Germany’s economy is set for “dynamic, broad-based” growth, the European Commission forecast today.
Europe’s largest economy will grow by 1.8 percent this year and 2 percent in 2015, outpacing forecast average growth in the 28-nation trade bloc of 1.2 percent and 1.7 percent those years, the commission said in its spring economic forecasts.

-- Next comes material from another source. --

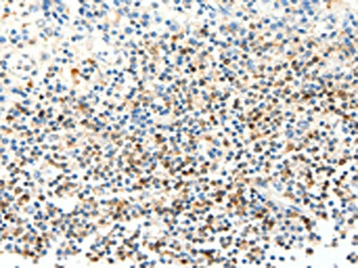 The image on the left is immunohistochemistry of paraffin-embedded Human tonsil tissue using CSB-PA938413(FAM3A Antibody) at dilution 1/25, on the right is treated with fusion protein. (Original magnification: ×200)

The German economy grew just 0.4 percent last year.
Germany is benefiting from a favorable constellation of growth factors including moderate recovery across the trade bloc, low inflation and adequate provision of finance for investment, the commission’s economists said in their report. “The expansion is set to be essentially domestically-driven, given the still-supportive conditions for domestic demand,” they said.
The outlook is a boon to Chancellor Angela Merkel who has trumpeted fiscal austerity as a vehicle for the euro region to shake off the misery of the debt crisis.
“There are genuine signs that a more lasting recovery is now taking place in the EU,” it said.
Portugal’s plan to end its bail-out program this month without tapping supporting loans underlines that “the path we took together in the euro-zone was the right one,” the Finance Ministry in Berlin said yesterday.
The costs of the unfolding Ukraine crisis don’t figure in the commission’s forecast. Merkel’s government has played down the potential impact saying that only 3.3 percent of German exports are Russia-bound. Company executives are showing mixed signals over the potential of Ukraine to dent the economy.
German investor confidence fell for a fourth month in April, highlighting the risks posed by Ukraine, the ZEW economic research group survey showed on April 15. At the same time, Germany’s Ifo business confidence survey unexpectedly rose last month.
Germany’s investment outlook remains favorable “amid dissipating uncertainty,” the commission said today. Exports will be boosted by economic recovery in the euro area, said the commission. Germany’s current account surplus will reach 7.3 percent of economic growth this year, dropping to 7 percent in 2015 as imports grow faster than exports.